In this study, we first show that the size and shape of normal, non-injured frog motor neuron cell bodies are maintained by a cytoskeleton that can be isolated. We then provide evidence that axotomy increases the synthesis and total content of proteins in the cytoskeleton, which appears to alter its structure and produce nucleolar, nuclear and cell body enlargement. We further show that the cytoskeleton maintains nuclear position in the uninjured cell body and is altered by axotomy to increase nuclear eccentricity. Finally, we propose that both nuclear eccentricity and central chromatolysis result from an accumulation of axonal cytoskeleton that is impeded from entering the truncated axon.

Results

The cytoskeleton maintains nucleolar, nuclear and cell body size in normal motor neurons

Isolated, unfixed motor neurons, like fixed, sectioned motor neurons, vary widely in cell body area [5, 9]. The range of cell body areas in motor neurons isolated from normal animals by the method of Sinicropi and McIlwain [10] is slightly larger than that of their fixed, sectioned counterparts [5]. As with area measurements on normal motor neurons [5], nucleolar and nuclear volume increase as cell body volume increases (Fig. 1). Since the plasma membrane is damaged during the isolation of motor neuron cell bodies and is no longer semipermeable to most osmolytes [11], osmotic forces do not appear to be chiefly responsible for maintaining cell body size in isolated motor neurons. Even when intracellular membranes are permeabilized with 1% Triton X-100 and over one-half of the cell body protein is removed from isolated motor neurons by successive extraction and high salt solutions, the mean size of the nucleolus, nucleus and cell body is little affected (Table 1). This extraction procedure, which has been used to isolate the nuclear matrix and cytoplasmic skeleton of non-neuronal cells [12], reduces the cell body protein content in normal frog motor neurons from 4.35 ± 0.87 to 1.88 ± 0.29 ng/cell (a 56.8% decrease). In contrast, cell body and nuclear volume decline only by 15 and 17%, respectively, and nucleolar volume does not change significantly (Table 1). The volumes of the nucleolus and nucleus in the extracted motor neurons continue to scale with cell body volume (Fig. 1) and the extracted cells have a relatively normal appearance by differential interference contrast microscopy (Fig. 2). These findings suggest that nucleolar, nuclear and cell body size in motor neurons are maintained by cytoskeletal structures and led us to examine the ultrastructure of extracted motor neurons.

Figure 1
figure 1

Preservation of cell body, nuclear and nucleolar volume relationships in extracted spinal motor neurons.
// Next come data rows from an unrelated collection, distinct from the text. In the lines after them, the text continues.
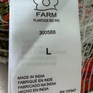 Vibrant tropical blouse with square neck. Features red, green, and orange patterns. Elegant lace details on sleeves.
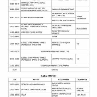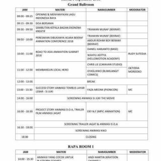 “Untuk meningkatkan industri kreatif dan ekonomi kreatif di bidang animasi dan menguji hasil dari penyusunan Grand Strategy sub sektor animasi dan melengkapi database yang berkaitan dengan animasi dari pendidikan dan industrinya dibutuhkan kegiatan yang berhubungan dengan promosi animasi Indonesia, “ujar Wakil Kepala Badan Ekonomi Kreatif, Ricky Joseph Pesik.
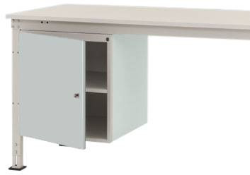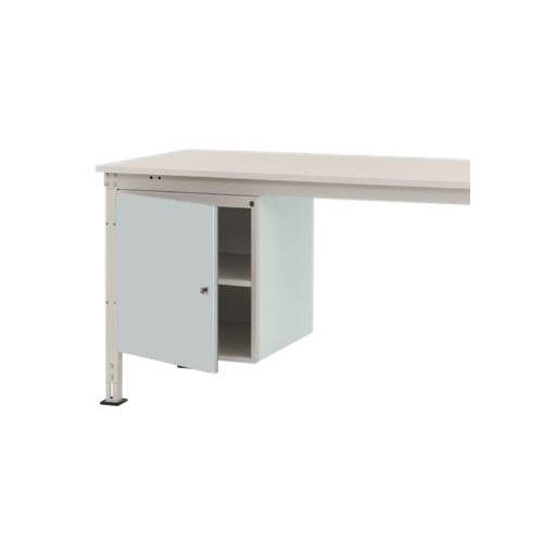 Komplett UNIVERSAL háztartás a munkaeszközök intelligens és tiszta szervezéséhez és tárolásához közvetlenül a munkahelyen, szélessége 500 mm, mélysége 580 mm és magassága 560 mm. A ház szilárdan megerősített acéllemezből készül, kiváló minőségű porréteggel bevonva, világosszürke RAL 7035 színben. A ház minden UNIVERSAL munkaasztalhoz berakható 200 kg-ig (Ergo = 100 kg). A ház hengerzárral és 2 kulccsal van felszerelve. A ház helyhez kötött UNIVERSAL munkaasztalokon használható, 1000 mm asztalmélységgel. A ház használható magassága 500 mm, és egy ajtóból áll egy rögzített polc. UNIVERSAL Ergo munkaasztalok csak 1500 mm szélességű asztaloktól használhatók.

Nuclear volume in individual cell bodies isolated from unfixed lumbar spinal cords of normal adult frogs scales with cell body volume (top) and nucleolar volume (bottom) before and after extraction. Significant (p < 0.01) correlation coefficients were found in first-order regression analyses for both unextracted (solid line) and extracted cells (dashed line).

Table 1 The cytoskeleton maintains most of cell body, nuclear and nucleolar volume in normal motor neurons.
Figure 2
figure 2

Light microscopic appearance of extracted and unextracted spinal motor neurons. Differential interference contrast images of lumbar motor neuron cell bodies isolated from normal adult frogs. Panel a shows an unextracted cell body. Panel b shows a different cell body isolated from normal adult frogs and extracted by a modification of the procedure of He et al. [12]. Each bar = 20 μm.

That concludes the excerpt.